Machine learning-based regression analysis of the winter temperature anomalies in China and associated influencing factors
-
-
Abstract
In this study, the mean winter temperature collected at 160 stations in China from 1951 to 2021 and a number of atmospheric circulation and sea temperature indices are used to investigate the relationship between the distribution of winter temperature anomalies and the atmospheric circulation and external forcing factors. A model of fitting is also established by using machine learning methods. In this way, we can understand to what extent the screened combination of influencing factors can explain the distribution of winter temperature anomalies in China. The Least Absolute Shrinkage and Selection Operator (LASSO) algorithm is used to extract the influencing factors related to winter temperature anomalies.
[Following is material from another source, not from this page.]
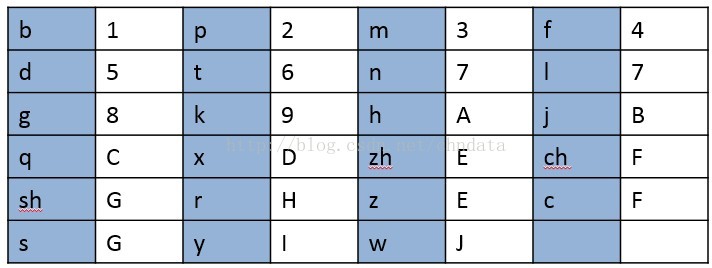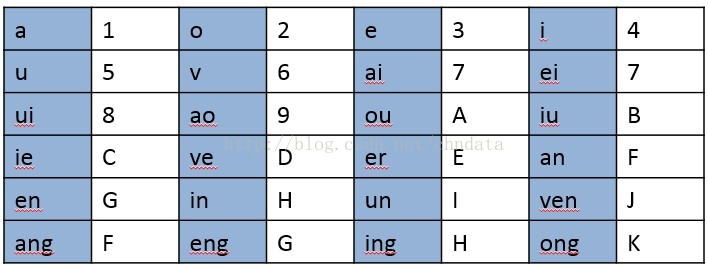 第一位,是韵母位,通过简单的替代规则,将汉字的韵母部分映射到一个字符位。汉字的拼音中一共有24种韵母,其中部分为了后期计算目的,采用相同的字符来替代,以下是一张完整的匹配表:

In addition, to reflect the nonlinear relationship between these factors, the original features are augmented to polynomial features using Taylor's formula. To further study the nonlinear relationship between the selected factors, the Least Squares Gradient Boosting Decision Tree (LS-GBDT) algorithm is used to estimate and fit winter temperature. Experiments are conducted on the training samples and test samples respectively and have achieved good results. The result verifies that machine learning can be used to screen and analyze the importance of factors affecting winter temperature anomalies more reasonably, and the estimation model established can to a certain extent reflects the nonlinear relationship between the factors influencing the climate system and winter temperature. This work provides a new way to simulate and estimate distribution of the winter tmperature anomalies in China.
-
-